The prefetcher may further perform receiving a Program Counter (PC) value of the central processing unit and adjusting the program counter value so that a difference between the address value of the artificial intelligence program, read from the instruction cache, and the program counter value is not increased to a certain threshold or more.

The prefetcher may be configured to, when determining whether prefetching is enabled, determine that prefetching is enabled only when a first matrix operation instruction is extracted.

The prefetcher may be configured to, when determining the number of blocks, determine the number of blocks based on the address value and the total amount of data of the matrix operation data, stored in the control and status register.

The prefetcher may be configured to, when determining the bus burst value, determine the bus burst value based on a size of one block of the data cache and a data bandwidth of a bus interface.
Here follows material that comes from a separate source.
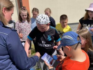 Policjanci nie tylko egzaminowali, ale też udzielali porad dotyczących bezpiecznego poruszania się rowerem i właściwego przygotowania się do jazdy. Rozmawiając z uczniami prosili ich, aby przestrzegali przepisów, ale też zwracali uwagę na prawidłowe wyposażenie rowerów, jazdę w kaskach ochronnych i elementach odblaskowych.
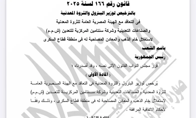 نشرت الجريدة الرسمية تصديق السيد الرئيس عبد الفتاح السيسى، على القانون رقم 166 لسنة 2025 بالترخيص لوزير البترول والثروة المعدنية فى التعاقد مع الهيئة المصرية العامة للثروة المعدنية والصناعات التعدينية وشركة سنتامين المركزية للتعدين (ش.م.م) لاستغلال خام الذهب والمعادن المصاحبة له فى منطقة قطاع السكرى.

In accordance with another aspect, there is provided a prefetching device for an artificial intelligence processor, including at least one control and status register configured to prefetch data, stored in an external off-chip memory, into an internal on-chip memory in an artificial intelligence processor, and to store information including an address value and a total amount of matrix operation data, a matrix operation discrimination unit configured to, as a kernel program is executed, extract a matrix operation instruction among instructions provided from an instruction cache of the off-chip memory, a prefetching/non-prefetching determination unit configured to determine whether prefetching is enabled based on a result of extracting the matrix operation instruction, a prefetch block number determination unit configured to, as prefetching is enabled, determine a number of blocks to be prefetched based on the information stored in the at least one control and status register, and a request signal generation unit configured to determine a bus burst value corresponding to the determined number of blocks and transmit the bus burst value as a data request signal through a bus interface.

The matrix operation discrimination unit may be configured to receive a Program Counter (PC) value of a central processing unit of the artificial intelligence processor and adjust the program counter value so that a difference between the address value of the artificial intelligence program, read from the instruction cache, and the program counter value is not increased to a certain distance or more.

The prefetching/non-prefetching determination unit may determine that prefetching is enabled only when a first matrix operation instruction is extracted.

The prefetch block number determination unit may determine the number of blocks to be prefetched based on the address value and the total amount of matrix operation data stored in the control and status register.

The request signal generation unit may determine the bus burst value based on a size of one block of a data cache in the off-chip memory and a data bandwidth of a bus interface.

In accordance with a further aspect, there is provided a prefetching method for an artificial intelligence processor, including prefetching data, stored in an external off-chip memory, into an internal on-chip memory in the artificial intelligence processor, and storing information including an address value and a total amount of matrix operation data in at least one control and status register, as a kernel program is executed, extracting a matrix operation instruction among instructions provided from an instruction cache of the off-chip memory, determining whether prefetching is enabled based on a result of extracting the matrix operation instruction, as prefetching is enabled, determining a number of blocks to be prefetched based on the information stored in the at least one control and status register, and determining a bus burst value corresponding to the determined number of blocks and transmitting the bus burst value as a data request signal through a bus interface.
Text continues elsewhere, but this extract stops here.